Monitoring of patients on NIV in the postoperative period
GETTING STARTED
Trials of NIV in the postoperative period should always be provided in appropriately monitored locations. It is important to talk to the patient, explain the procedure and reassure the patient before initiating NIV. The patient must be propped up at least 30 degrees and have received adequate analgesia. It is advisable to begin with low PS as it usually takes a few minutes for the patient to accommodate to the pressure applied and synchronise his breathing with that of the machine. Once the patient starts to feel comfortable and breathing begins to improve, it is easier to gradually increase the PS and apply the straps onto the patient.
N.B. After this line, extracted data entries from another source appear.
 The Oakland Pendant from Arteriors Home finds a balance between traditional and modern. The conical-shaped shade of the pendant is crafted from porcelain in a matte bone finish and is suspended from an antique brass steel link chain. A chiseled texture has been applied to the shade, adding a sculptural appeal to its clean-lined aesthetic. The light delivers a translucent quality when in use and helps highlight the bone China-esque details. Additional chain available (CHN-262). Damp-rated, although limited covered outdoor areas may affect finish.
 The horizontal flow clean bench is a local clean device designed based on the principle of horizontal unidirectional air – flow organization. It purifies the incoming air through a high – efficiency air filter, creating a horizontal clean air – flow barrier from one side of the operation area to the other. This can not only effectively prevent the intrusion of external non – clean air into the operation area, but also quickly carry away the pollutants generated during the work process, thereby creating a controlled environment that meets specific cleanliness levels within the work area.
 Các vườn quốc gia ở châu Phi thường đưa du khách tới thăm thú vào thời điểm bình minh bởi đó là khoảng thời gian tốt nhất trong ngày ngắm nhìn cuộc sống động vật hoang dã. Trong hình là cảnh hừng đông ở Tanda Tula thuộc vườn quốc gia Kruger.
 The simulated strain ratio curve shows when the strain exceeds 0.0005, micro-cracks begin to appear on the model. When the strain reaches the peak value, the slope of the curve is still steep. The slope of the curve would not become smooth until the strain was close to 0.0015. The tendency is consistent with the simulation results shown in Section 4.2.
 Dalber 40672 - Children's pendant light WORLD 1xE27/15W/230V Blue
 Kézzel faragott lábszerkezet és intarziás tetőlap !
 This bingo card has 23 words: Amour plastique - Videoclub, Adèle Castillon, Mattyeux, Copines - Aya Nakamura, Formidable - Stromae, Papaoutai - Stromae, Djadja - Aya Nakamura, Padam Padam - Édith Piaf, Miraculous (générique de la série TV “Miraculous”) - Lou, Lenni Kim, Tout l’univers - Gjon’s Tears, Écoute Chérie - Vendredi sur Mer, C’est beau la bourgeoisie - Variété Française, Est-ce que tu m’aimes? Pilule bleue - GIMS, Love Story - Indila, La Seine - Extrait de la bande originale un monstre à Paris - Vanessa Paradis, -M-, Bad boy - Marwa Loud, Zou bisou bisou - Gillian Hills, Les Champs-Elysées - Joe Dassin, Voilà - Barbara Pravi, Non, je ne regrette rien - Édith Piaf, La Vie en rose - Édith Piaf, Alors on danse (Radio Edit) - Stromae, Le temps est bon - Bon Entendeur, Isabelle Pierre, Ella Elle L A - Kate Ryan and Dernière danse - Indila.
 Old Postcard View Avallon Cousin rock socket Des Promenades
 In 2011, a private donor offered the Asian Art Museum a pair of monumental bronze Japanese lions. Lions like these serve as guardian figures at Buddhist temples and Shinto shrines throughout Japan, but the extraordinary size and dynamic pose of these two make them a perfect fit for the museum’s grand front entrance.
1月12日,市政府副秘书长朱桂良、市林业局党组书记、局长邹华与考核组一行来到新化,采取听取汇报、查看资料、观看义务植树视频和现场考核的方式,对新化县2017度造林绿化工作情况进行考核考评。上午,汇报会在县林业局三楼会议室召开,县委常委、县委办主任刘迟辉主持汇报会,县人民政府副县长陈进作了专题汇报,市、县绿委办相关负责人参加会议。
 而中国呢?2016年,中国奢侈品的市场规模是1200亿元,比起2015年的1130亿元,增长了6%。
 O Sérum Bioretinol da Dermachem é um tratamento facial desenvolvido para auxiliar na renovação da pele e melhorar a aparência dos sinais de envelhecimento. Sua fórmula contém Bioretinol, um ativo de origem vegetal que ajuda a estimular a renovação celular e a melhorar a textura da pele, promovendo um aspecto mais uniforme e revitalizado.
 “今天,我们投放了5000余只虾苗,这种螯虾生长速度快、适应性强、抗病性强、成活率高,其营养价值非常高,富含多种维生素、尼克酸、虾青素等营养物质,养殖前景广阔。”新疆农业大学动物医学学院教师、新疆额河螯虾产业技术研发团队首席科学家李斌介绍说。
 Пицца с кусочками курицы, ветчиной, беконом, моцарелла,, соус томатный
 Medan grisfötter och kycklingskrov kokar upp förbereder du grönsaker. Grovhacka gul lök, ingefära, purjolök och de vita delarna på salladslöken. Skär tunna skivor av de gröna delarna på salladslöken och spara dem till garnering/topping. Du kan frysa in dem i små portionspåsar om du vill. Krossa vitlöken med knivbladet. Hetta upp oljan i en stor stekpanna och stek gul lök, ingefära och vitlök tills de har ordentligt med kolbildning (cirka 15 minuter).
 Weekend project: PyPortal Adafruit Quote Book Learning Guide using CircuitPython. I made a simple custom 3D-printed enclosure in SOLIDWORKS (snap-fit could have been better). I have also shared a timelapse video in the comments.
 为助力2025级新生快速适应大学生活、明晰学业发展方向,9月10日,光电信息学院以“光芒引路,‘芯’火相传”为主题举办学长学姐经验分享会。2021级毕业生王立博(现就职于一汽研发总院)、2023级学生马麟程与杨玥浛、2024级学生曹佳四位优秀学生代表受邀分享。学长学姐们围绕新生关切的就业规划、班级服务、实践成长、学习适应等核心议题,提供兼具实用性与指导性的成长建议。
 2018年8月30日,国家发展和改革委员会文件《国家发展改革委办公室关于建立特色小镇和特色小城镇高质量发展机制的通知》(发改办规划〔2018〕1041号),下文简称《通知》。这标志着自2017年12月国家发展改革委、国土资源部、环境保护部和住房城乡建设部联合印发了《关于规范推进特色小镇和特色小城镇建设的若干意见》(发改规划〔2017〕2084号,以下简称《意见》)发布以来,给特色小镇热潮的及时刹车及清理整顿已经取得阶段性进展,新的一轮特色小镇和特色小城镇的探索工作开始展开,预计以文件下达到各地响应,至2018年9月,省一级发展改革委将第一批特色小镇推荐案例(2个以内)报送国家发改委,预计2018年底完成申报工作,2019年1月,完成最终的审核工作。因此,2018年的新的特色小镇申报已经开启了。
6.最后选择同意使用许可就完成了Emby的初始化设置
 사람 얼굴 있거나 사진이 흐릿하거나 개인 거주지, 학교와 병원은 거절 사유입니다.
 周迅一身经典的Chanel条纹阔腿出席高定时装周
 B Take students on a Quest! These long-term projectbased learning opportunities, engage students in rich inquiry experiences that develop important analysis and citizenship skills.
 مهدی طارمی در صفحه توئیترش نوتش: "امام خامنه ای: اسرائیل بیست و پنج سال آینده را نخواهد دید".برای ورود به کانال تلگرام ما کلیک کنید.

The end points of the PSs applied must be always individualised till there is improvement in symptoms, reduced respiratory rates and good synchrony. An arterial blood gas should be obtained by 1 to 2 hours to verify clinical improvements. Normally, an inspiratory trigger of 1 to 2 l/min or –1 to –2 cm of H2O is applied, with moderate to maximal slope. EPAP levels of 4 cm and IPAP of 8 cm of H2O (4 cm above EPAP) are normally used at initiation. These may be gradually increased by increments of 1 to 2 cm till a maximum EPAP of 10 and IPAP of 25 cm of H2O. If higher pressures are required, it may be necessary to change the interface, adjust mask fit or even consider the need for possible intubation and invasive ventilation. The expiratory trigger is generally fixed at 0.8 to 1 seconds or between 40 to 60% of the peak flow rate.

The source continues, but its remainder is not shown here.